● **Given entries**
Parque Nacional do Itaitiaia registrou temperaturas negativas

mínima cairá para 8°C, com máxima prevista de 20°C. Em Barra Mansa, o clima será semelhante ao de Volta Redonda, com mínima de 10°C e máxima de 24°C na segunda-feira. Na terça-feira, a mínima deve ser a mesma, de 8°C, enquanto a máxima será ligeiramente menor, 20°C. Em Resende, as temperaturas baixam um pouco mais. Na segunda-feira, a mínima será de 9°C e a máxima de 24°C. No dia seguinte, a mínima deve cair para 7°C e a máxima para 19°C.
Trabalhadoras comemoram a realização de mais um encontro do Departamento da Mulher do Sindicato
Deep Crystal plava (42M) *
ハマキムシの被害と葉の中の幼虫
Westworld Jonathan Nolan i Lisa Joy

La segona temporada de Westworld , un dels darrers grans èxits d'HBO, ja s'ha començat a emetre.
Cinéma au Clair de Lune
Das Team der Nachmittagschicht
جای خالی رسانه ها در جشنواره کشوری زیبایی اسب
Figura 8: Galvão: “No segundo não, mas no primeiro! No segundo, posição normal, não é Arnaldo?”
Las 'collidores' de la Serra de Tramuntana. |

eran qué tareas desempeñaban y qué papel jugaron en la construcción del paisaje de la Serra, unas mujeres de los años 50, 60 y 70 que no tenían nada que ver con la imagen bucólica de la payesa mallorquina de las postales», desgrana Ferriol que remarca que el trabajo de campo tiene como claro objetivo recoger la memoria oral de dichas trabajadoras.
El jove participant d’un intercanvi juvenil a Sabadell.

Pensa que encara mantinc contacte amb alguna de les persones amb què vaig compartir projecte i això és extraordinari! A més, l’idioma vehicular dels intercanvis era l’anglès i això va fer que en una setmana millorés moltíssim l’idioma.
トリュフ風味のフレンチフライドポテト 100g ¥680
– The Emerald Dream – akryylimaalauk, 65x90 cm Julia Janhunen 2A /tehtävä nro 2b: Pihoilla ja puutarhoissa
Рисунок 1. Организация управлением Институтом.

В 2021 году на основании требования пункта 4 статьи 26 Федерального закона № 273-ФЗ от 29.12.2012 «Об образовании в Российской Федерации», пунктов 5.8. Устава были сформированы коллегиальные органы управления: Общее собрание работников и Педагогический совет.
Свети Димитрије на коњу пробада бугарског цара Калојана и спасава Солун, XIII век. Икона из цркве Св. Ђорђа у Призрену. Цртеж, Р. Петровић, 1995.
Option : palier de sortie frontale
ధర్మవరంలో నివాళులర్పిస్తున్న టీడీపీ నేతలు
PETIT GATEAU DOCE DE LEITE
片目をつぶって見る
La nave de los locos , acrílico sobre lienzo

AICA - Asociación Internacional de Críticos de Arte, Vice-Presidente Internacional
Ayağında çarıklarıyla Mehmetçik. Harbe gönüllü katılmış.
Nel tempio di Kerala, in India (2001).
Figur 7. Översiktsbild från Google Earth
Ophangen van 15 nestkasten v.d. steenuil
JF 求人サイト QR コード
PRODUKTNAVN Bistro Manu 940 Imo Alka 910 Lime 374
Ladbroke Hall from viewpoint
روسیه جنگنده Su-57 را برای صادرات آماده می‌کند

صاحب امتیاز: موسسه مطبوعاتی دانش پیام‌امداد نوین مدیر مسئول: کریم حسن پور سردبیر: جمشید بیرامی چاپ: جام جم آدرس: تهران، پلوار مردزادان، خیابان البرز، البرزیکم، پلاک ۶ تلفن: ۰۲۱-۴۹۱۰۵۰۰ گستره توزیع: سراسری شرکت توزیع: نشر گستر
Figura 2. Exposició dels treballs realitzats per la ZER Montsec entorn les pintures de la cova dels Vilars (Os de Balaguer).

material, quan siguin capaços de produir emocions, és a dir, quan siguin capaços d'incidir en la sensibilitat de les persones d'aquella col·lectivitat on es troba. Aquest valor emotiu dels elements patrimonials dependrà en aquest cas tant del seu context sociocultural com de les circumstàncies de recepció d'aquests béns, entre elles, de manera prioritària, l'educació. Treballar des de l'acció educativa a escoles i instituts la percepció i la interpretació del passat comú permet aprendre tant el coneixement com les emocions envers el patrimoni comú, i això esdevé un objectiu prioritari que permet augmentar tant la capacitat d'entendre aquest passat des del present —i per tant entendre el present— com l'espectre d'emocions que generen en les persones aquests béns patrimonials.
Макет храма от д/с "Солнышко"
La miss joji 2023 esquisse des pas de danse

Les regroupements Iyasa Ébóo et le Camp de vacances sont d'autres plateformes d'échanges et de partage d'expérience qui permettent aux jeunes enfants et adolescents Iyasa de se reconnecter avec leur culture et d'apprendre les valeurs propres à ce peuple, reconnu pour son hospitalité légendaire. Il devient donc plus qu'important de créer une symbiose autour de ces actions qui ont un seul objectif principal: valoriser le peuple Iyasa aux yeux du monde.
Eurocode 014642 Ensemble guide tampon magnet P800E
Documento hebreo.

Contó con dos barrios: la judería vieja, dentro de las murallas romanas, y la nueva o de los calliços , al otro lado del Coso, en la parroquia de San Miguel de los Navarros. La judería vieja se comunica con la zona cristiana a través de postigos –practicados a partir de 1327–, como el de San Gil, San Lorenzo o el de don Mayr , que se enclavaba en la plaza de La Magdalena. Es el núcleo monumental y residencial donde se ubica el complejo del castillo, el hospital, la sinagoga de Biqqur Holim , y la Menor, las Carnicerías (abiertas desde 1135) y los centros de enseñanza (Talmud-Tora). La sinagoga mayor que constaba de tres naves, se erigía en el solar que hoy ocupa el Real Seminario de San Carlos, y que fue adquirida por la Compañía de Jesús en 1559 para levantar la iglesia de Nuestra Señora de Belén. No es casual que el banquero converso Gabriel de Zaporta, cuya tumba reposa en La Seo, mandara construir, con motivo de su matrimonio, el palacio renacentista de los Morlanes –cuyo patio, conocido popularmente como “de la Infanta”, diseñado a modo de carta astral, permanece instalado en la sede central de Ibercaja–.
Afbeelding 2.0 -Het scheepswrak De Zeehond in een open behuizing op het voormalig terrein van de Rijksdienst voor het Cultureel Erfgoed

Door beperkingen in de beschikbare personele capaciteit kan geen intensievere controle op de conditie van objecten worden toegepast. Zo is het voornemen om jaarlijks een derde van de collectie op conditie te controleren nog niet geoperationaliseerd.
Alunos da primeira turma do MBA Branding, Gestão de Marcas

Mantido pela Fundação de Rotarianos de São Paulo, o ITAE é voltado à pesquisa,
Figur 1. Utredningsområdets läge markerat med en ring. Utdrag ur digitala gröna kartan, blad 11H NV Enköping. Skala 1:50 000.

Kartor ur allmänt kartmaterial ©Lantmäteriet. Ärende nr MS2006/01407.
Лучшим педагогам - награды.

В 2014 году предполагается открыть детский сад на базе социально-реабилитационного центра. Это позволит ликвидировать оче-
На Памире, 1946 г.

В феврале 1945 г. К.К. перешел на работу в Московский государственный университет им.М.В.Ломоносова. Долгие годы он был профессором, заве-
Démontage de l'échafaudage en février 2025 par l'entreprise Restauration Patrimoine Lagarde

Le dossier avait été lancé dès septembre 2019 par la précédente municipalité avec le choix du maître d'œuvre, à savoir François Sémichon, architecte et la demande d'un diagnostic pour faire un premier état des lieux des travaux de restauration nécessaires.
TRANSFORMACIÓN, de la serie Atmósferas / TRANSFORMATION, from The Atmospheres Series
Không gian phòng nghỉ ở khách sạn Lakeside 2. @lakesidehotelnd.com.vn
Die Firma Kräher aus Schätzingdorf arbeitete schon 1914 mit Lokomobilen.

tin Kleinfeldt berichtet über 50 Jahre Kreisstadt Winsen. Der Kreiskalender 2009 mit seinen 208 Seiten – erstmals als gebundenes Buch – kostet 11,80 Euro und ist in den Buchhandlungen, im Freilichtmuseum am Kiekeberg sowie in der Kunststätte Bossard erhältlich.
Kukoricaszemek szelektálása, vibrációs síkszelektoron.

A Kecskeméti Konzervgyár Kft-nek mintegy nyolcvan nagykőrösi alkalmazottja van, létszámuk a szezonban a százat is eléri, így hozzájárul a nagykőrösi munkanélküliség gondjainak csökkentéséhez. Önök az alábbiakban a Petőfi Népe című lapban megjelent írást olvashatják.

● **What to work on**
Given the records above, return exactly the lines starting at the line containing "Das Team der Nachmittagschicht" and ending at the line containing "Las 'collidores' de la Serra de Tramuntana. |", including both.

● **Response to the exercise**
Das Team der Nachmittagschicht
جای خالی رسانه ها در جشنواره کشوری زیبایی اسب
Figura 8: Galvão: “No segundo não, mas no primeiro! No segundo, posição normal, não é Arnaldo?”
Las 'collidores' de la Serra de Tramuntana. |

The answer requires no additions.